When a testlet is added to a solution a check should be performed to see whether the maximum number of testlets for the test has been reached 2380. If the maximum has been reached then all testlets that have not already been added to the solution should be excluded from future consideration for this solution 2390.
If on the other hand the randomly selected testlet is already populated with items and is included in the solution then the invention will add the best non-included item for that testlet to the solution 2399.
If the testlet has a sufficient number of testlets for a test as determined at 2320 then the invention will select one of the best five items at random 2335 and if the item's testlet is already included in the solution as determined at 2345 it will simply add the item to the testlet 2355 and thus the solution otherwise if the item's associated testlet has not been included in the solution and the testlet has not been excluded as determined at 2365 it will add and populate the testlet with the necessary items as described above but including the randomly selected item 2375.
As above, if a testlet has been added to check is made as to whether the maximum number of testlets has already been added 2385, and if it has then all non-included testlets are excluded 2395.
The process of scoring available items and adding items and testlets to the solution is repeated until the total amount of time necessary for an examinee to complete the test reaches a pre-defined maximum or if the total time for the test is less than the pre-defined maximum then the solution generation process will stop either if there are no more items to choose from or if the total time for the test is over a pre defined minimum and the solution is judged to be feasible.
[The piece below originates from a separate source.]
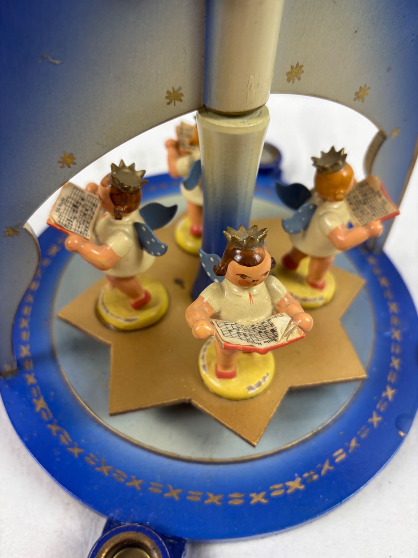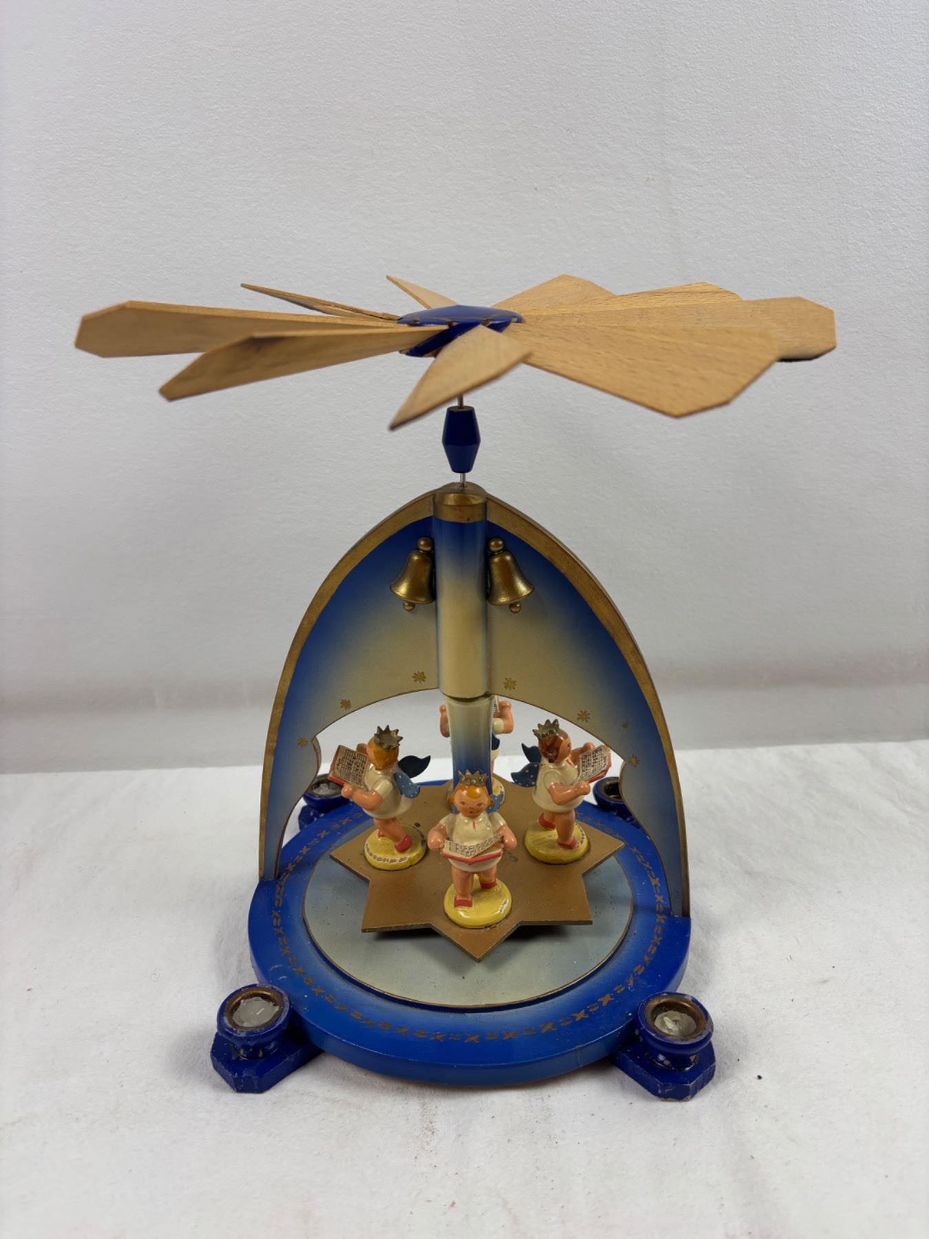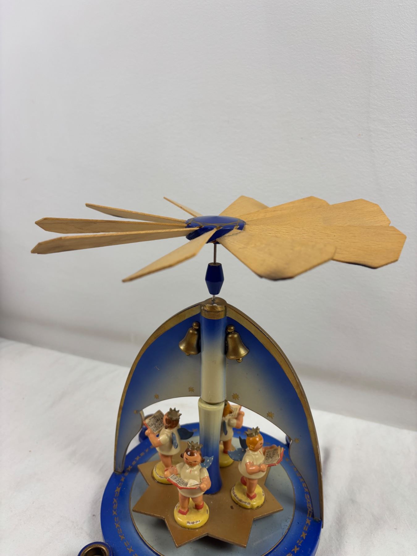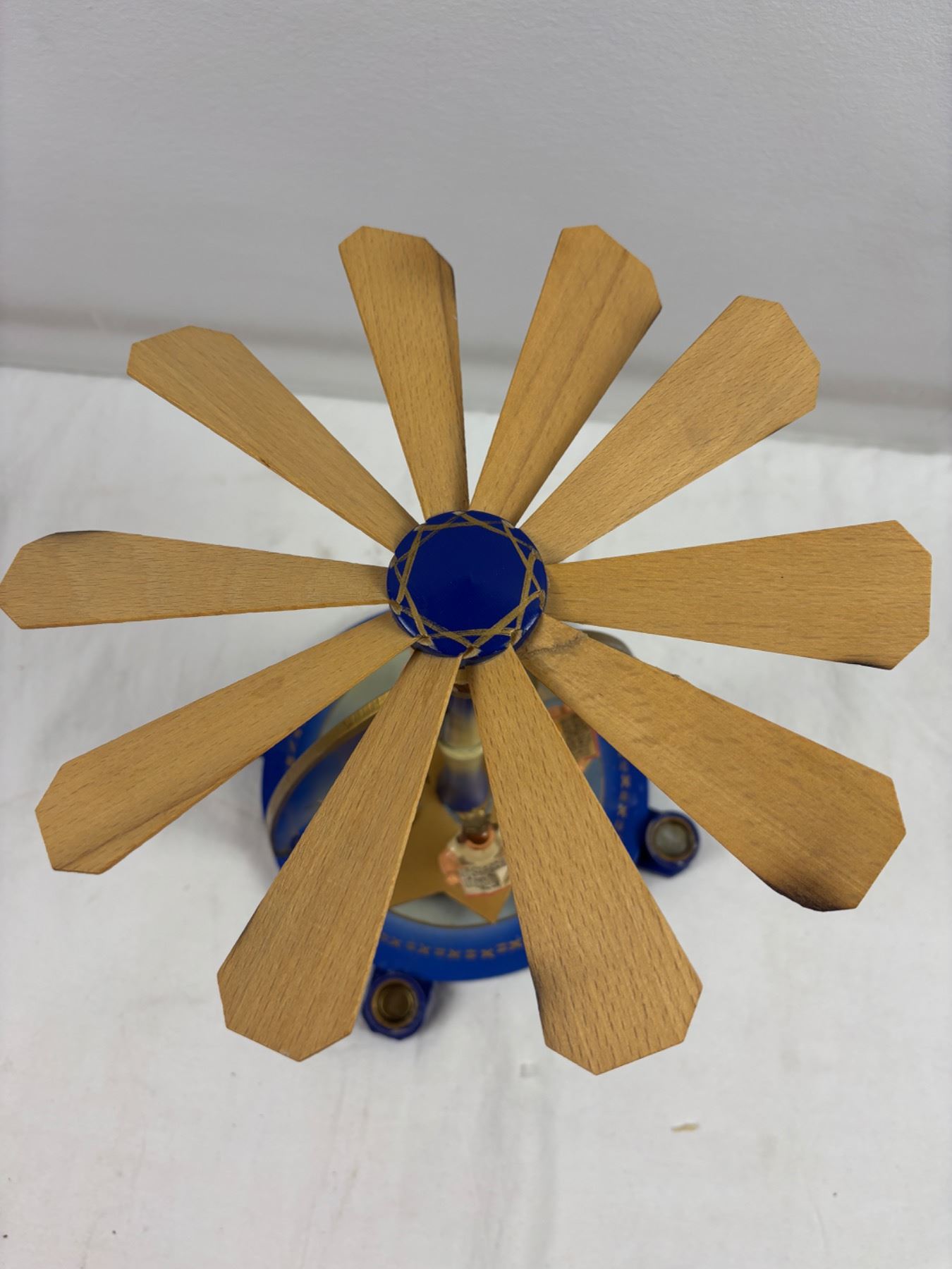 10"diameter x 10"H, some burn marks on the tips of the propeller

These are the remaining termination conditions for the process as shown in
A preferred method of scoring the pre-selected items is set out below. The first step is to exclude all items that have already been included in the solution and all those items that were not pre-selected. The scoring process should be conducted on each non-excluded item in the item bank.
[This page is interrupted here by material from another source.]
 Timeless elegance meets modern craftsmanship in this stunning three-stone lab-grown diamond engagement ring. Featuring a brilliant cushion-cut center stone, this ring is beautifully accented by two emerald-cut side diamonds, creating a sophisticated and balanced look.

If all the target attributes required for the test are not satisfied then the initial item score for each non-excluded item is set to be the value of the usage variable of the item multiplied by the weight of the usage attribute. Then for all non-zero attributes (except usage) a value equal to the weight of the attribute multiplied by the higher of zero and the working lower bound of the attribute is added to the item score.
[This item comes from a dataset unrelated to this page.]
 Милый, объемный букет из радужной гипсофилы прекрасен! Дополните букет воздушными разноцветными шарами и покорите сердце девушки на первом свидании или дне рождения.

If the item satisfies both the curriculum function and curriculum level constraints set by the user then the score may be multiplied by ten to make it a more attractive choice for inclusion.
A preferred method for determining whether an item satisfies the curriculum function and curriculum level attributes for a solution is set out below. If all the target attributes of the test haven't been satisfied, this is basically a two-part test and the item must satisfy both parts of the test for the result to come out true.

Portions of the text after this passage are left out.